→ TASK TO CARRY OUT: Without the pictures, print the lines running from the beginning of the material to the line containing "MULTI-PURPOSE - Detta", both ends included.

→ RECORDS SHOWN:
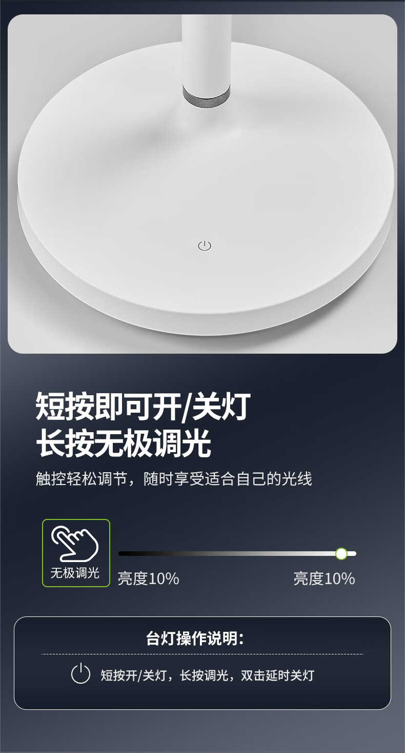 三雄极光全光谱台灯学习护眼近视防控儿童触控调光卧室宿舍书桌读写台灯 【国AA级全光谱护眼12W 】智研
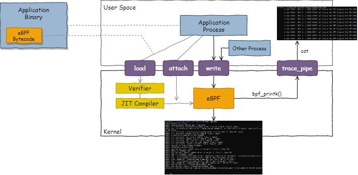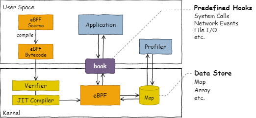 BPF バイトコードの実体は C 言語から LLVM などのバックエンドを介してコンパイルされた命令セットである (したがってユーザ空間でも動作することができる)。カーネルにロードされた BPF バイトコードはシステムを再起動することなくアトミックに更新され、Verifier によって実行安全性の検証を受けてから JIT コンパイラでネイティブコードに変換される。
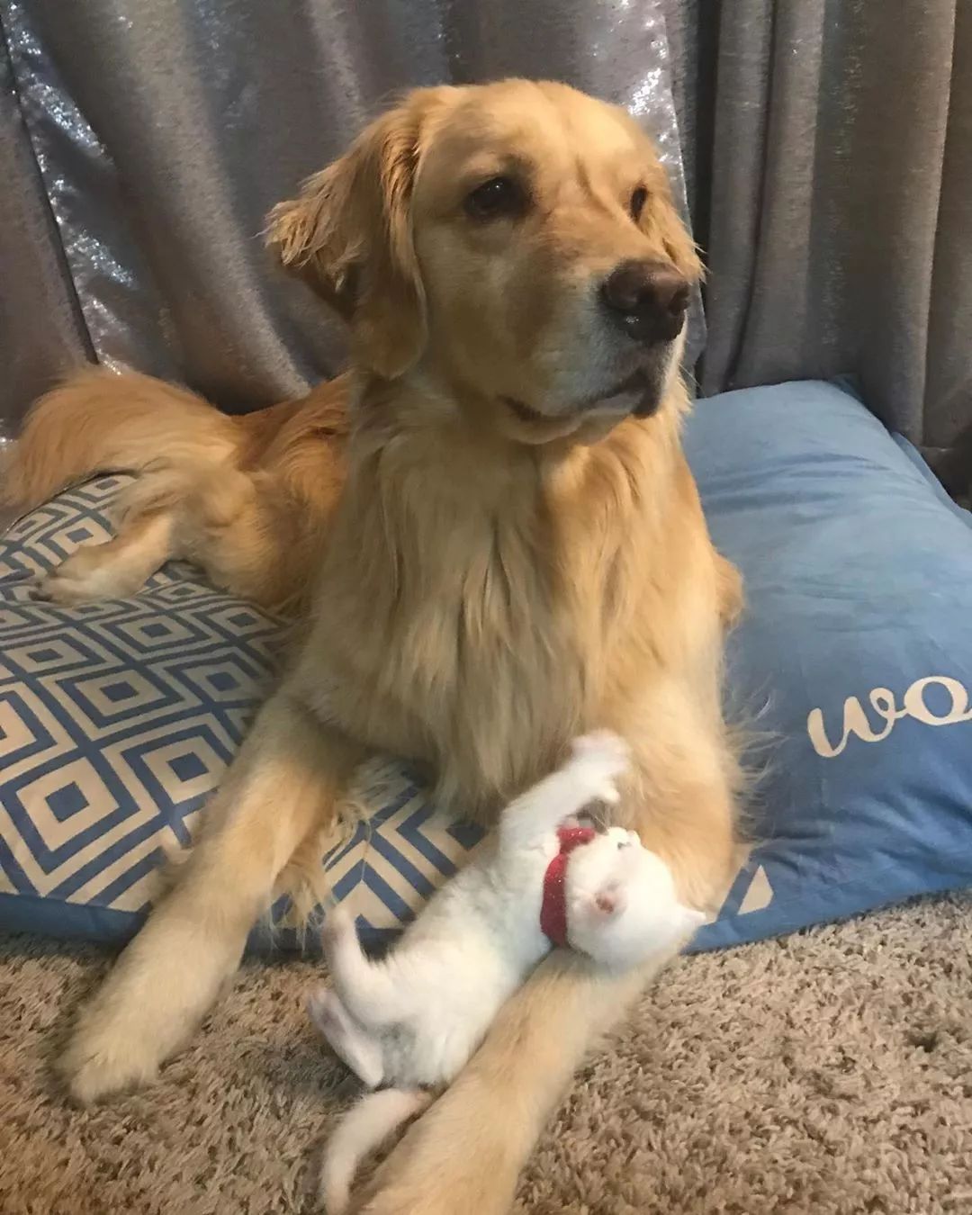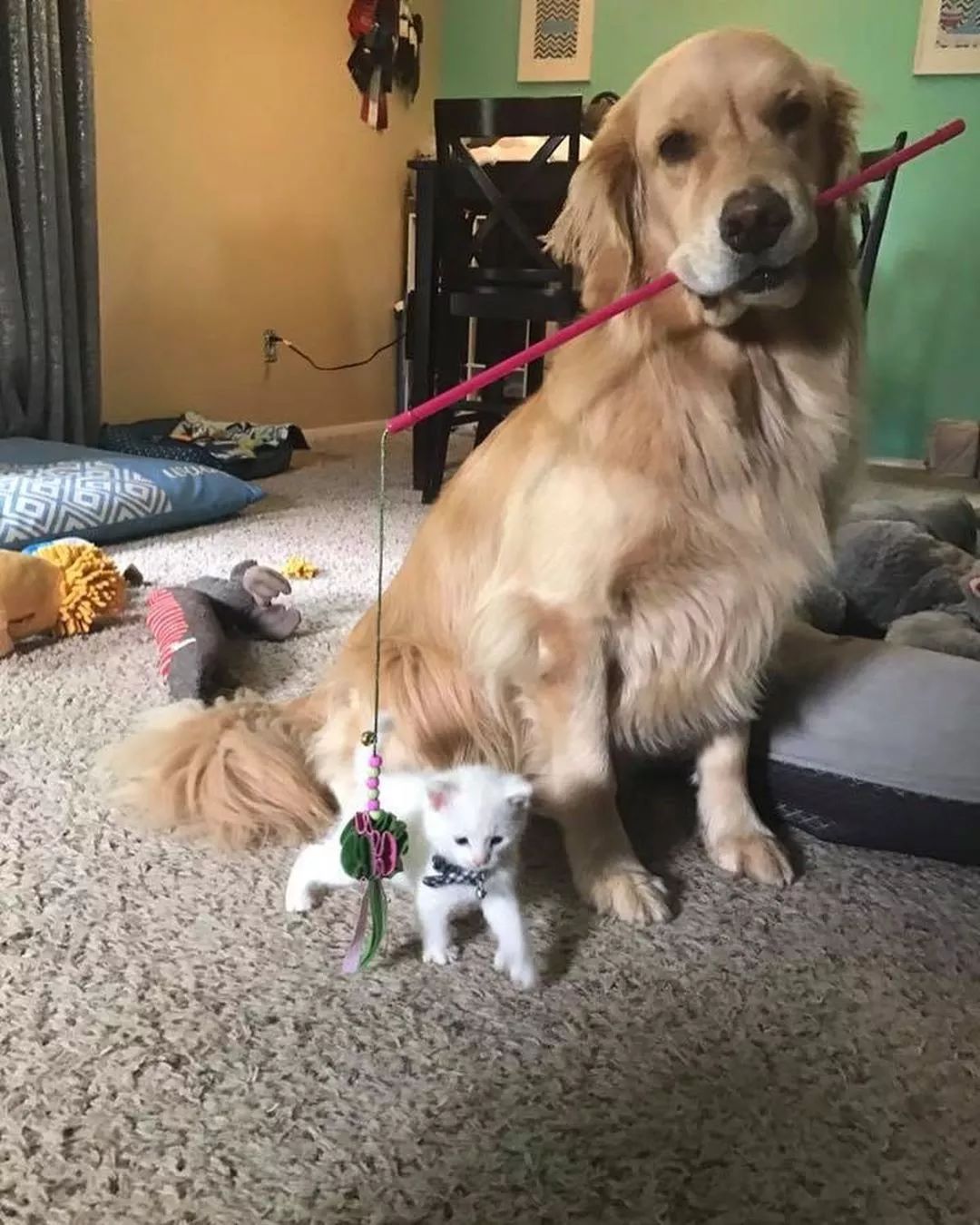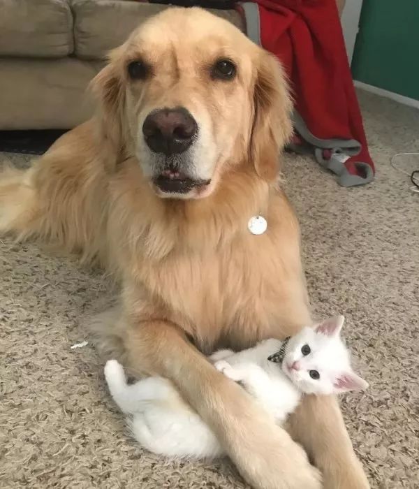 大金毛Mojito就是小猫Skywalker的守护神。
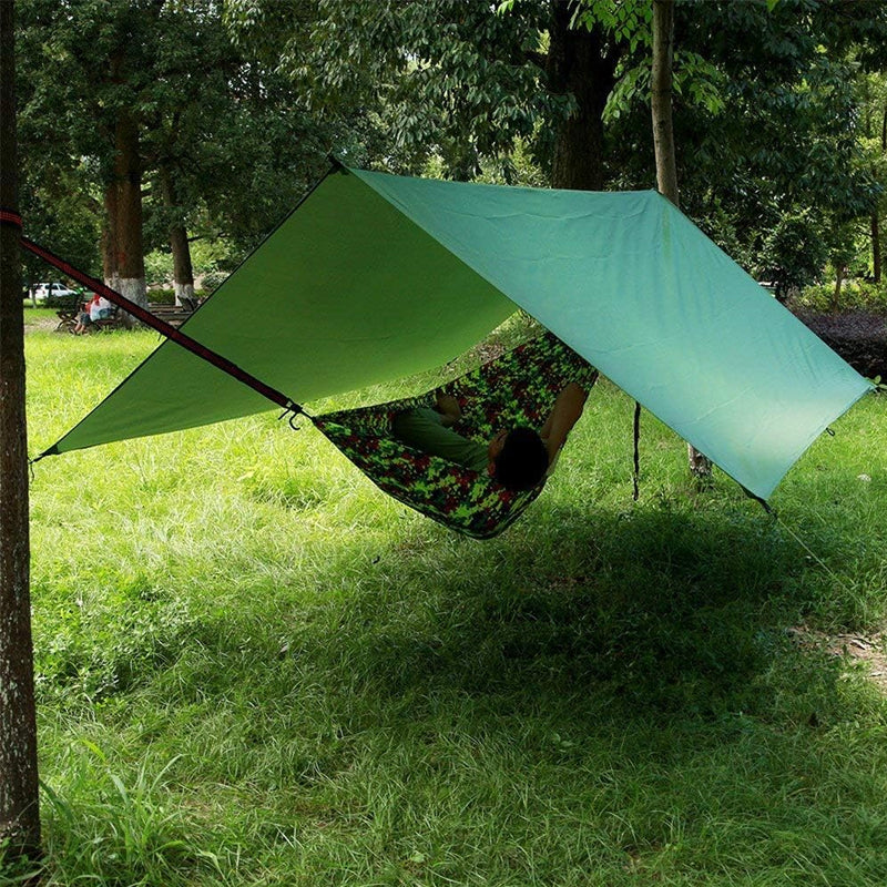 MULTI-PURPOSE - Detta tarpskydd för camping har flera funktioner, såsom en tältduk, hängmatteskydd, enkelt tält, tältfotavtryck, markduk och solskydd. Den fungerar också som en picknickmatta, vilket ger mångsidighet för ryggsäck, vandring, camping, trekking och olika utomhusaktiviteter.
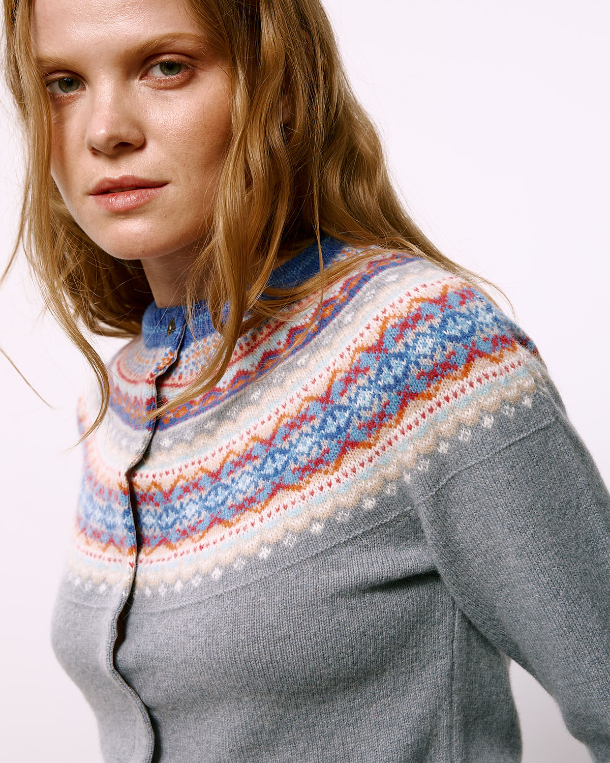 Уютный кардиган из нежной шерсти ягнёнка с добавлением ангоры в области узоров.
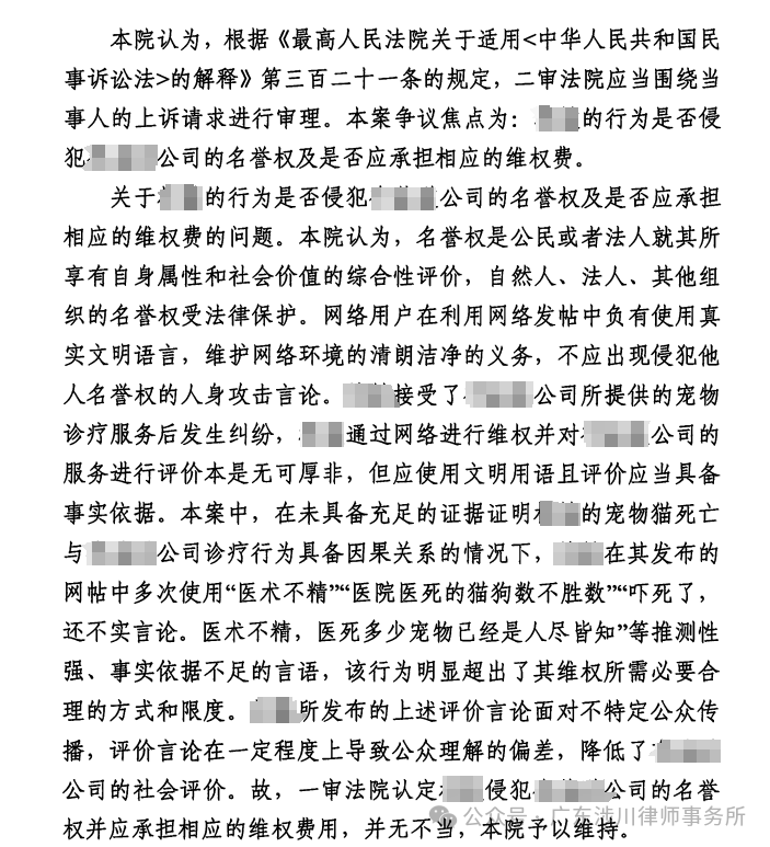 但网络用户在利用网络发帖中负有使用真实文明语言,维护网络环境的清朗洁净的义务,不应出现侵犯他人名誉权的人身攻击言论。本案被告接受了原告所提供的宠物诊疗服务后发生纠纷,被告通过网络进行维权并对原告的服务进行评价本是无可厚非,但应使用文明用语且评价应当具备事实依据。在未具备充足的证据证明被告的宠物猫死亡与原告诊疗行为具备因果关系的情况下,被告在其发布的网帖中多次使用“医术不精”“医院医死的猫狗数不胜数”“吓死了, 还不实言论。医术不精,医死多少宠物已经是人尽皆知”等推测性强、事实依据不足的言语,该行为明显超出了其维权所需必要合理的方式和限度,应承担侵权责任。
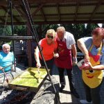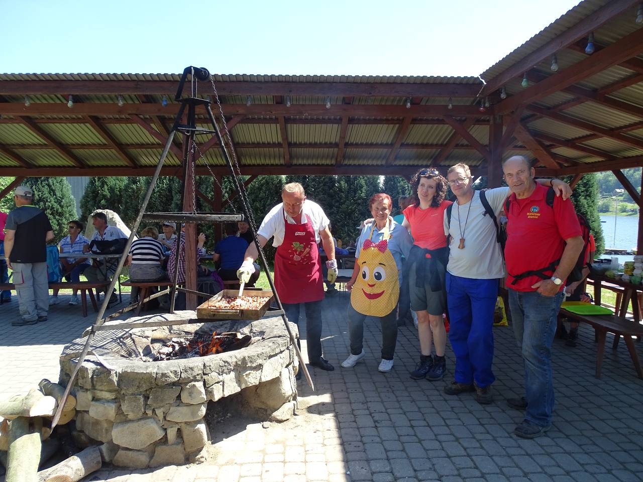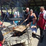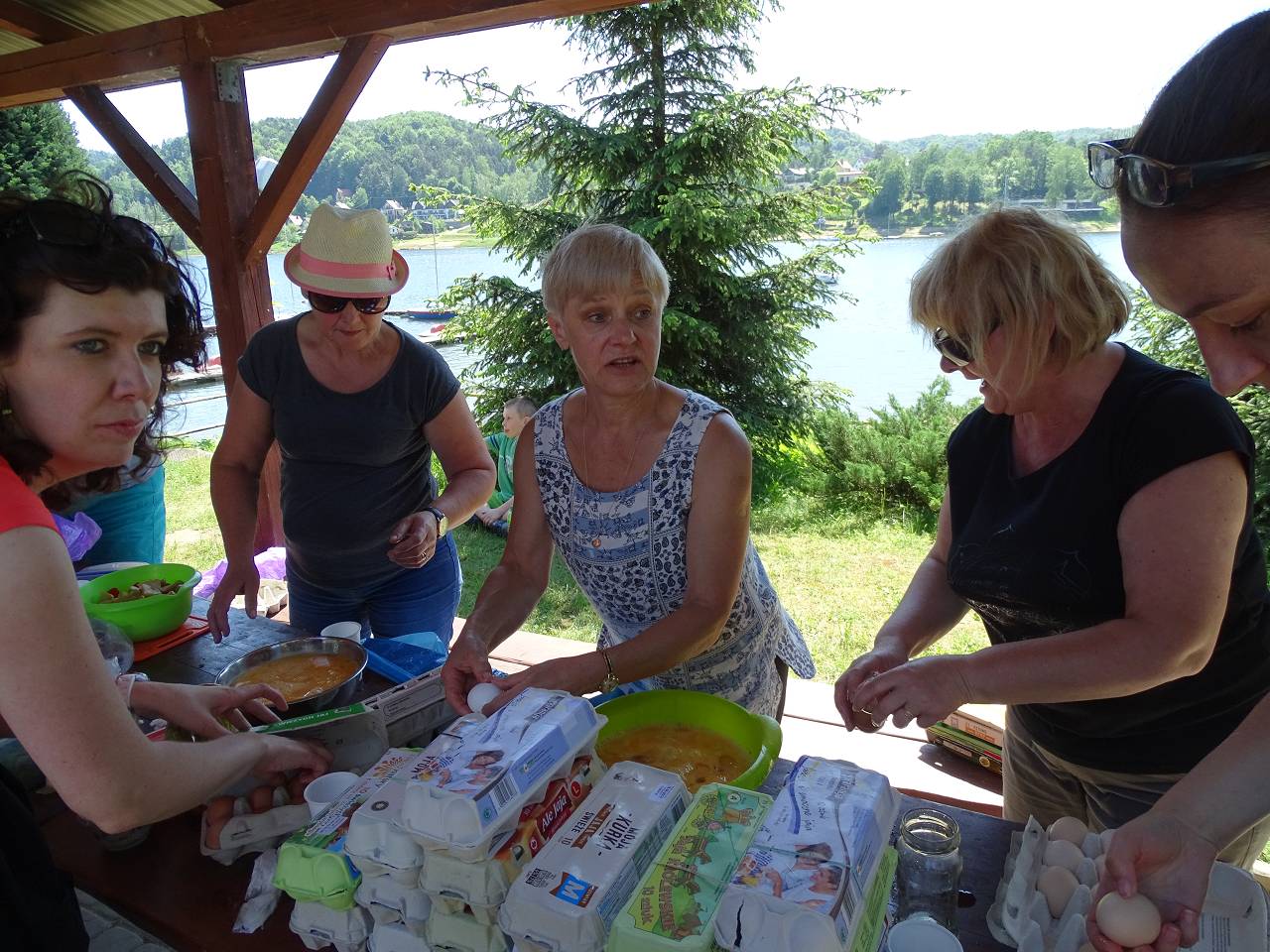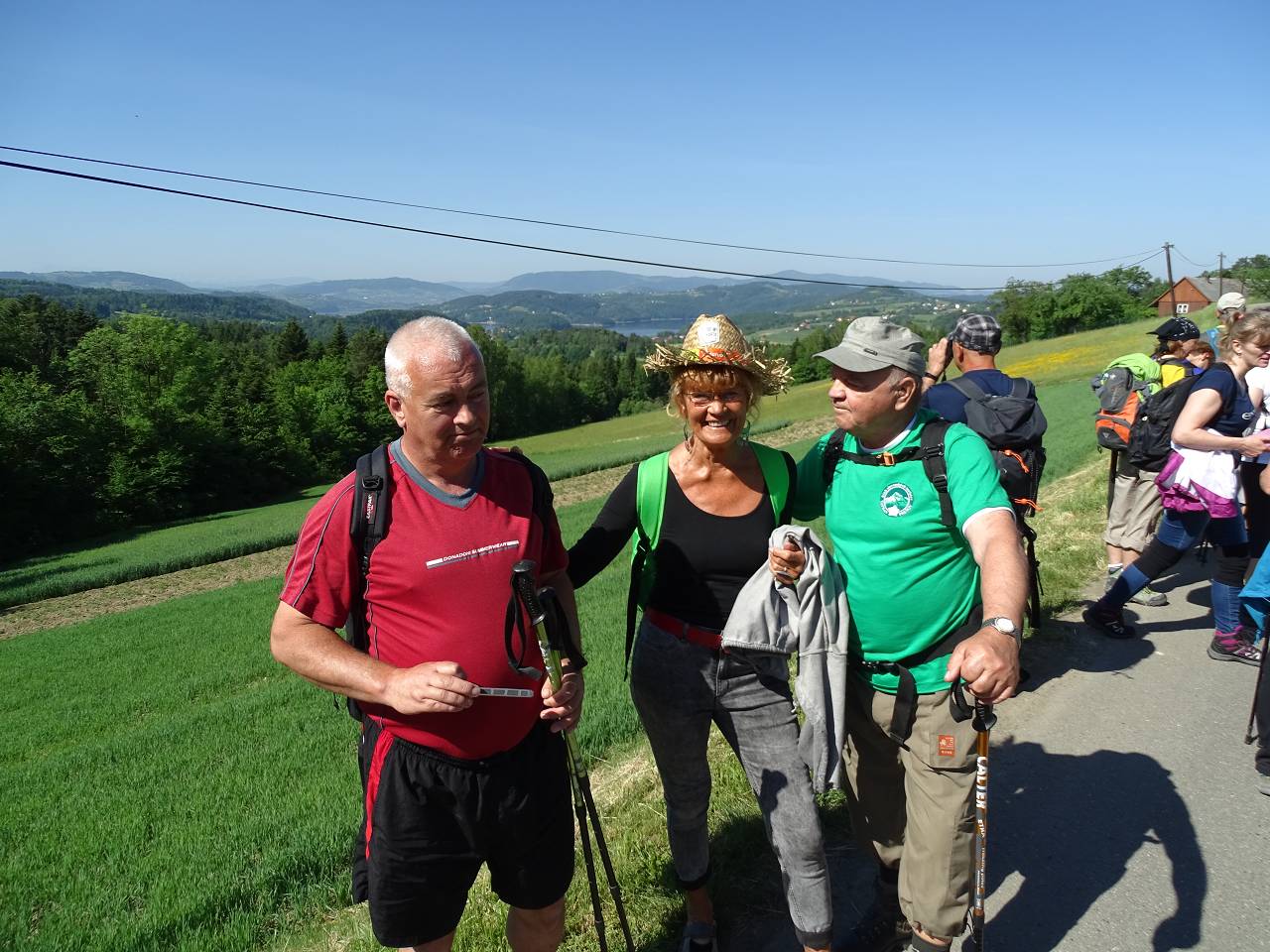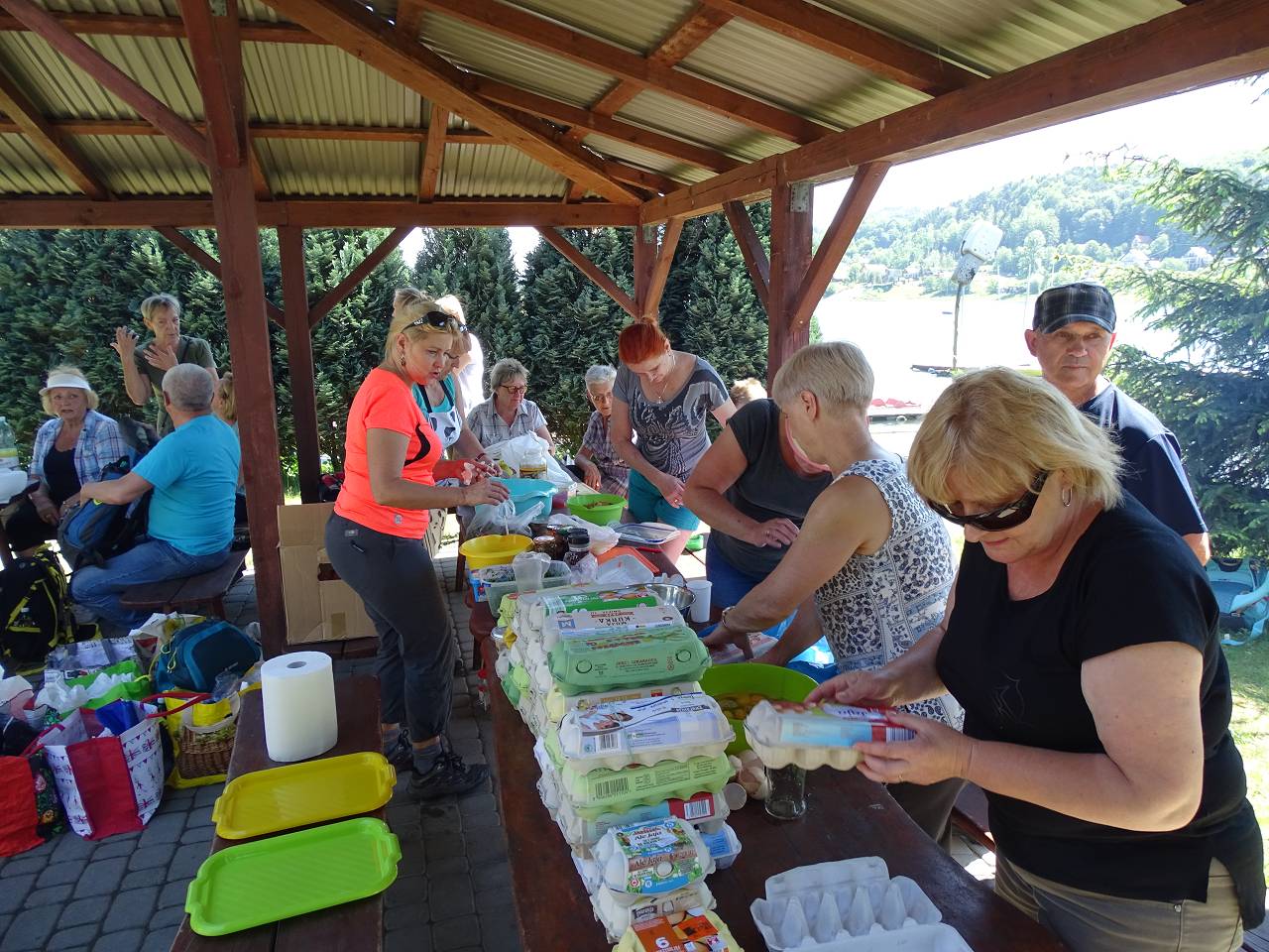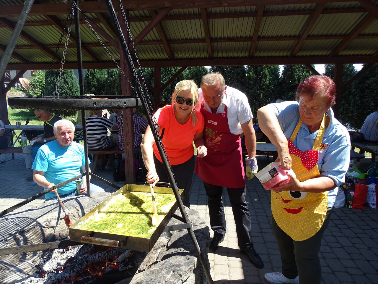 Na rozgrzewkę zaplanowany był spacer odcinkiem żółtego szlaku z Posadowej Góry przez Majdan (512 m.) do Bartkowej. Jego mankamentem są długie odcinki prowadzące asfaltowymi drogami, jednak widoki na jezioro, Beskid Wyspowy i majaczące w oddali Tatry w pełni rekompensują wspomniane słabości. Odcinek nie był długi ale w zupełności wystarczył by rozbudzić apetyt na wiosenną jajecznicę pachnącą boczkiem szczypiorkiem i lubczykiem. Jej usmażenie dla 150 osób wymagało dobrej organizacji ale mamy w tym pewne doświadczenie, bo zdarzyło się nam już kiedyś nakarmić 200 osób.

→ WRITTEN REPLY:
 三雄极光全光谱台灯学习护眼近视防控儿童触控调光卧室宿舍书桌读写台灯 【国AA级全光谱护眼12W 】智研
 BPF バイトコードの実体は C 言語から LLVM などのバックエンドを介してコンパイルされた命令セットである (したがってユーザ空間でも動作することができる)。カーネルにロードされた BPF バイトコードはシステムを再起動することなくアトミックに更新され、Verifier によって実行安全性の検証を受けてから JIT コンパイラでネイティブコードに変換される。
 大金毛Mojito就是小猫Skywalker的守护神。
 MULTI-PURPOSE - Detta tarpskydd för camping har flera funktioner, såsom en tältduk, hängmatteskydd, enkelt tält, tältfotavtryck, markduk och solskydd. Den fungerar också som en picknickmatta, vilket ger mångsidighet för ryggsäck, vandring, camping, trekking och olika utomhusaktiviteter.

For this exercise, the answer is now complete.